• WHAT YOU NEED TO DO: Output exactly the lines below from the one containing "Opaque Red 8x6mm" to the last line, both included. Omit pictures.

• PROVIDED DATA:
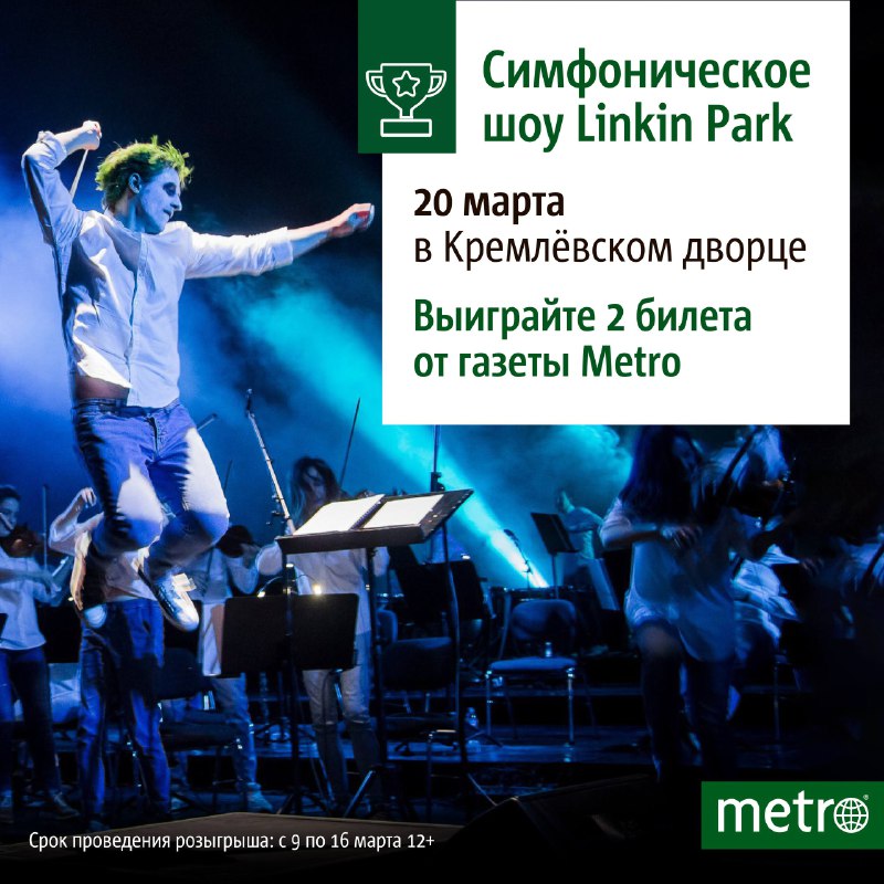 Разыгрываем билеты на симфонический концерт «Linkin Park» — симфоническое шоу с голосом Честера Беннингтона» в Государственном Кремлевском Дворце 20 марта! ✅ Подписывайтесь на телеграм-канал «Мetro
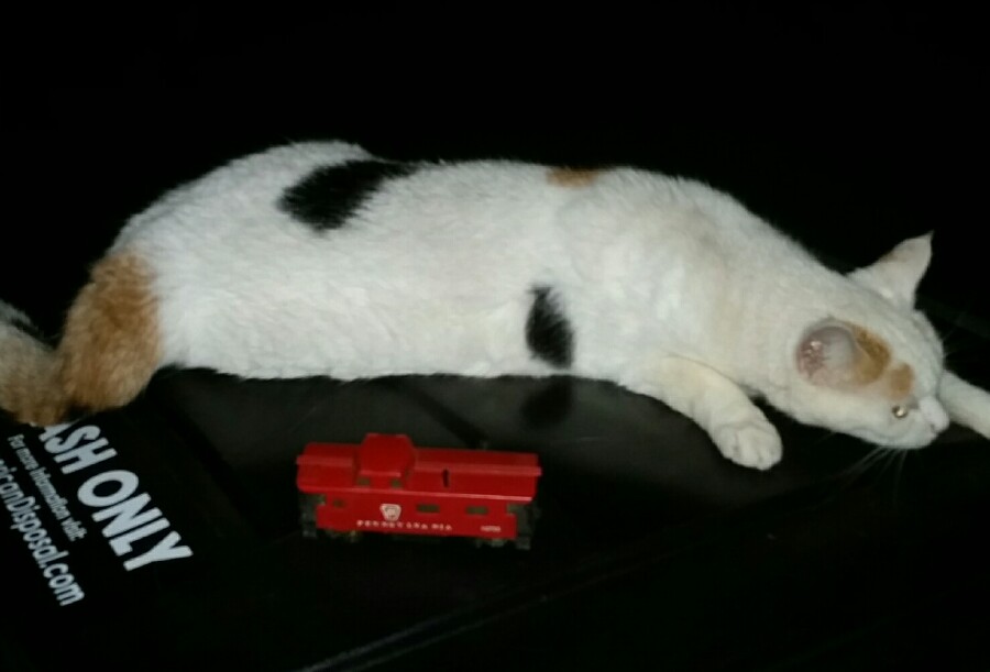 Wow, NO one started a thread on COTW this week yet?! Ok, here's my Cat of the Week ( er, car ) photo. Featuring a Virginia dumpster and a lighted Tyco caboose. And my cat Juliette ( Roameo died over a year ago, sadly ).
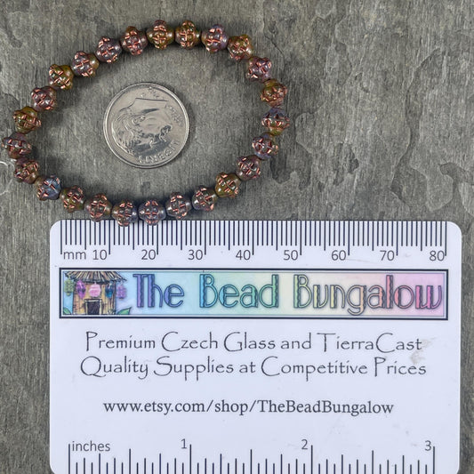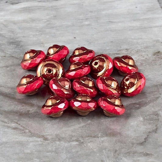 Opaque Red 8x6mm Bicone, Czech Glass Beads, Ruby Red Silk with Bronze Picasso (SAT/N-2072) * Qty. 15
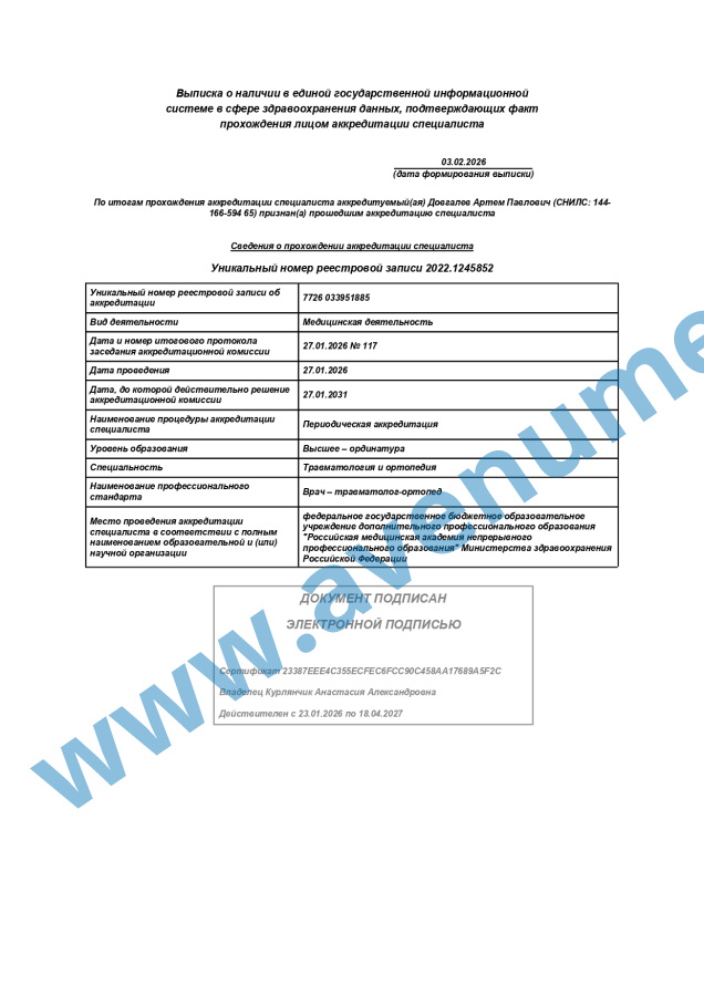 • 2016 г. - ординатура по специальности "Травматология и ортопедия", Ростовский государственный медицинский университет.

• SOLUTION FOR THIS EXERCISE:
 Opaque Red 8x6mm Bicone, Czech Glass Beads, Ruby Red Silk with Bronze Picasso (SAT/N-2072) * Qty. 15
 • 2016 г. - ординатура по специальности "Травматология и ортопедия", Ростовский государственный медицинский университет.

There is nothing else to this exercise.